Венедикт Ерофеев «Москва – Петушки», или The rest is silence | страница 32



В начале было стремление к другой неназванной глубине: в мире Кремля, среди суеты людей душа не находила ни ответа, ни отклика: «Господь, вот Ты видишь, чем я обладаю. Но разве это мне нужно? Разве по этому тоскует моя душа? Вот что дали мне люди взамен того, по чему тоскует моя душа!» (131). В этих стенаниях слышится тоска Экклезиаста: «Только то я нашел, что Господь сотворил человека правым, а люди пустились во многие помыслы» (Ек. 7: 29).

Место Бога, средоточия мирового духа, занял алкоголь. Бог – в несуществующих Петушках. Алкоголь – в мире Кремля и в тех Петушках, которые легко найти на карте на северо-востоке от Москвы. Алкоголь – Веничкин путь к чуду преображения бытия, ведущий к распятию так же, как страстная молитва святой Терезы – к стигматизации (132). (Во второй части работы мы еще вернемся к образу святой Терезы.) Стигматы – сопереживание земного пути и муки Христа, раскрывающее духовный и мистический жизненный горизонт, – явление первенства духа над материей. Спирт, как моление, вводит героя в мир действия иных сил, перспектив и возможностей, давая надежду на чудо – прорыв трансцендентальности в законы материи[55]. Молитва и экстаз подменяются процессом питья и алкогольной горячкой, и в этом – страшный, саморазрушительный бунт личности. В достижении этого состояния заключается Веничкина цель. Заплаченная за это цена – содержание «поэмы» «Москва – Петушки».

Вместе с выездом из тупика начинается восхождение на Голгофу, мистический путь героя: «Мой дух томился в заключении четыре с половиной часа, теперь я выпущу его погулять» (132).
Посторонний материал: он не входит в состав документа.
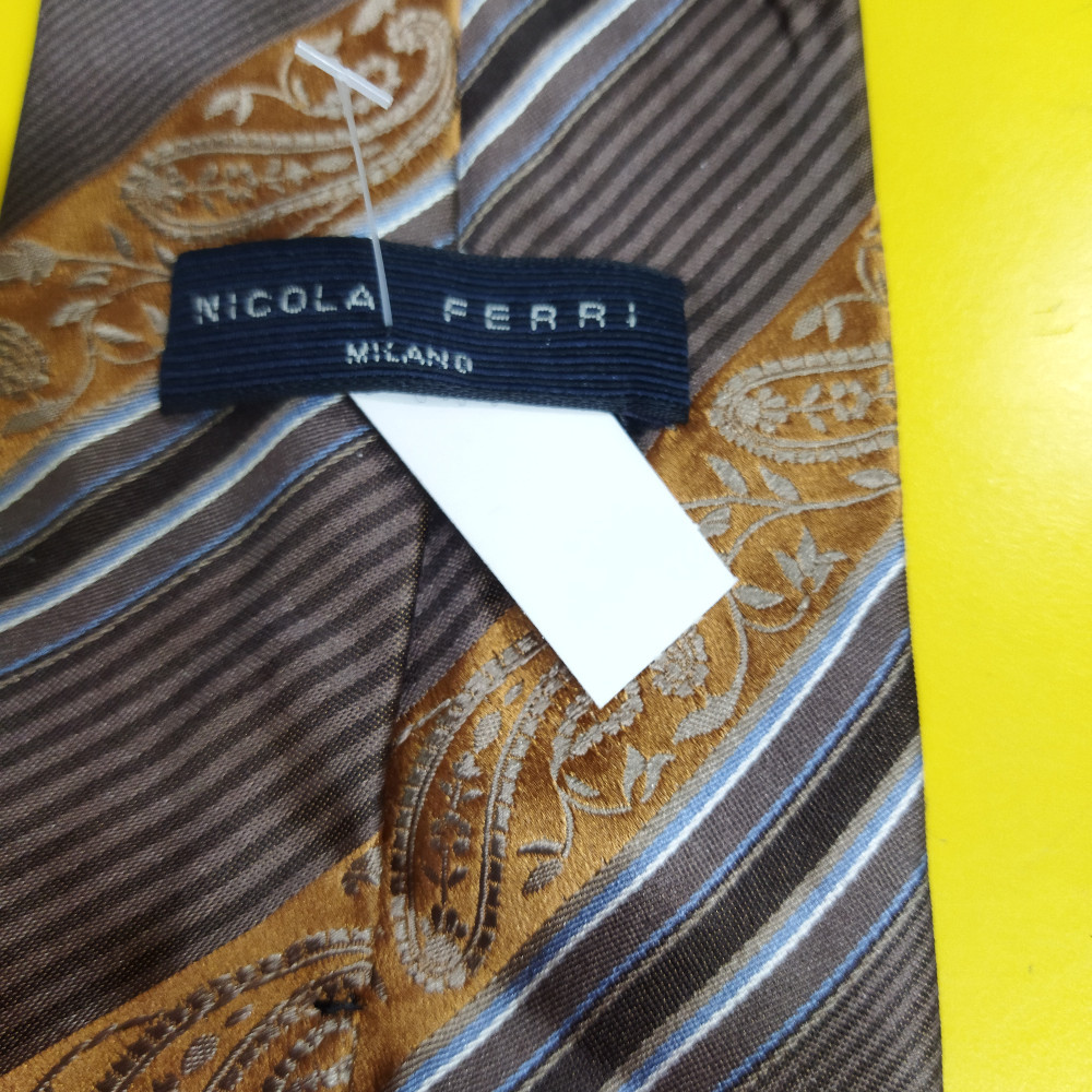 Barna csíkos férfi selyem nyakkendő - Nicola Ferri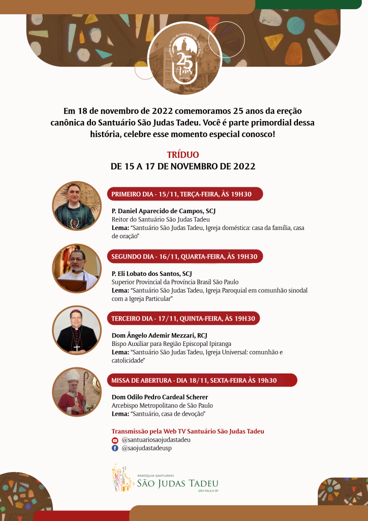 De 15 a 17 de novembro acontece o tríduo, às 19h30 e a Missa de abertura do Ano Jubilar, será no dia 18 de novembro (sexta-feira) às 19h30, na igreja nova, presidida por Dom Odilo Pedro Cardeal Scherer, Arcebispo de São Paulo.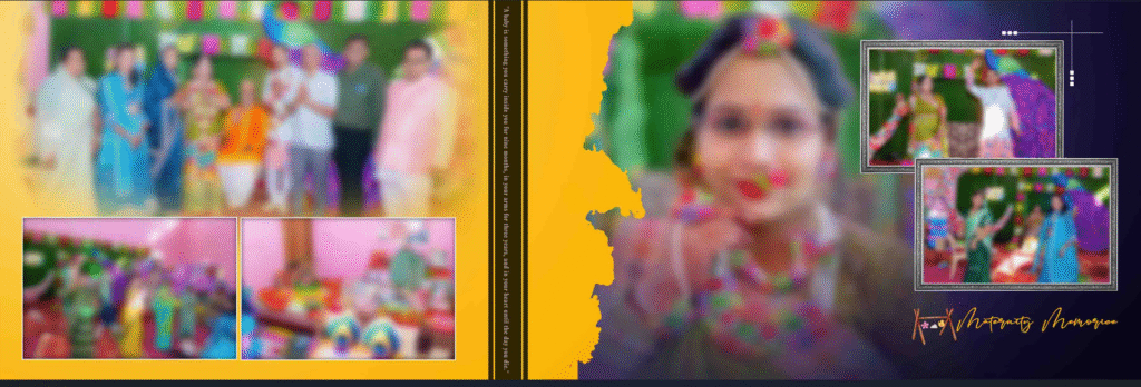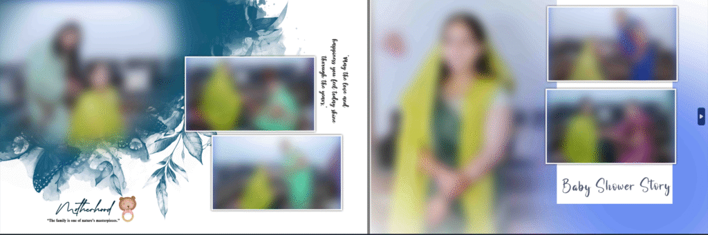 आम्ही प्रोफेशनल Photo Album Designers असून Baby Shower, Maternity Shoot, Newborn Shoot आणि Family Function Album Design मध्ये विशेष प्राविण्य मिळवले आहे. आधुनिक डिझाईन, आकर्षक लेआउट आणि भावनिक टच यांचा सुंदर मिलाफ करून आम्ही तुमच्या आठवणींना एक वेगळे रूप देतो.

Дух, как понятно, сидел в бутылке, в чем можно усмотреть намек на собрание арабских сказок «1001 ночи», где сидевший в бутылке джинн (заметим, недобрый дух), вырвавшись на свободу, устраивает массу неожиданных коллизий. Духовный загул В. Е. сродни очень национальной установке Розанова:

Я еще не такой подлец, чтобы думать о морали. Миллион лет прошло, пока душа моя выпущена была на белый свет; и вдруг бы я ей сказал: ты, душенька, не забывайся и гуляй «по морали».

Нет, я ей скажу: гуляй, душенька, гуляй, славненькая, гуляй, добренькая, гуляй, как сама знаешь. А к вечеру пойдешь к Богу.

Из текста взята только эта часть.